Las medidas de la PAC no afectan al empleo en las zonas rurales de un modo tan positivo como el que necesitarían la mayoría de los países. De hecho, mientras que las subvenciones de la PAC están especialmente supeditadas al respeto de las normas medioambientales básicas, la salud pública y el bienestar de los animales, no se tiene en cuenta en absoluto el respeto de los derechos humanos y laborales. Esta es la razón por la que la PAC no ha logrado mejorar las condiciones de los trabajadores del sector agrícola. En los países visitados, diversas partes interesadas pusieron gran énfasis en la importancia de la condicionalidad social. «Por lo tanto, deben garantizarse los derechos laborales y unas condiciones de trabajo dignas mediante la condicionalidad social en la financiación de la PAC», concluye la Sra.
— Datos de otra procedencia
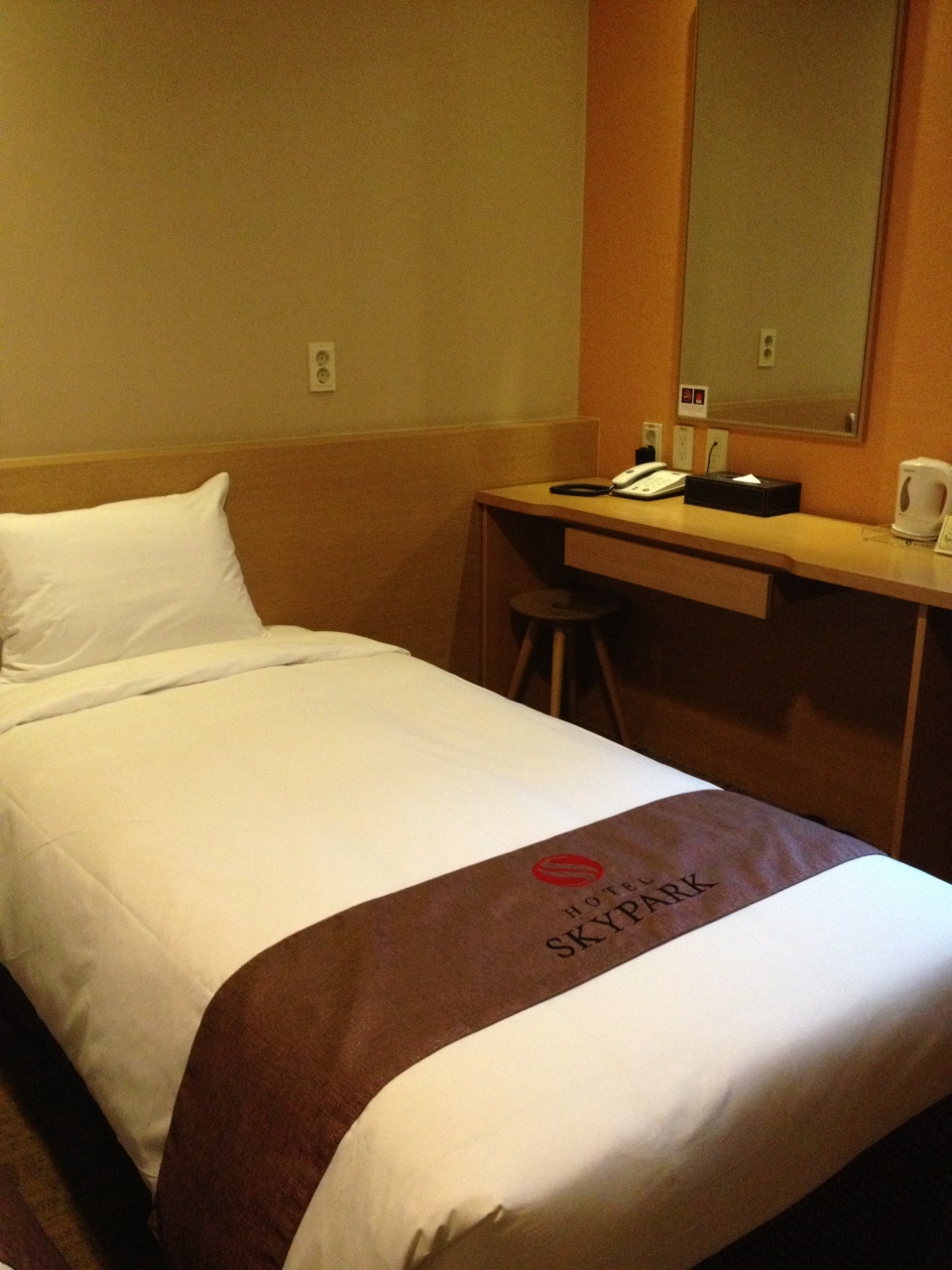 ツインのお部屋に友達と2人で宿泊しました。お部屋、バス、トイレも清潔で、気持ち良く過ごせますが狭いので、大きなスーツケースをふたつ広げてしまうと、歩く隙間もありません。アメニティはETUDE HOUSEで揃えられていて女性には嬉しいです。

Kállay.

También habría que crear un Observatorio del Desarrollo Rural que permita discernir las tendencias intrínsecas reales que se están produciendo en las economías puramente rurales y diferenciarlas de las de los centros urbanos con los que están conectadas. Esto resulta esencial para estudiar la dinámica interna de estas zonas a fin de asegurarse de que las políticas se basen en una comprensión completa de la situación.

La PAC debería apoyar la adopción de iniciativas destinadas a organizar las fases previas de la cadena de suministro, representadas por las organizaciones de productores, que no solo permiten a los agricultores ganar en poder de negociación —entre otras cosas, para mejorar los precios de venta— sino que también ofrecen un enorme potencial de creación de empleo a través de una gran variedad de actividades y servicios. Las cooperativas desempeñan un papel importante a este respecto.

En un momento de cambios de paradigma (incertidumbre climática, mayor frecuencia de epidemias, teletrabajo, digitalización, nuevas tecnologías y soluciones), la PAC —en estrecha colaboración con otras políticas— debe seguir prestando apoyo a los agricultores y al desarrollo de las zonas rurales, respaldando al mismo tiempo los cambios necesarios y la adaptación a esta nueva realidad del sector agroalimentario y de la economía rural en su conjunto.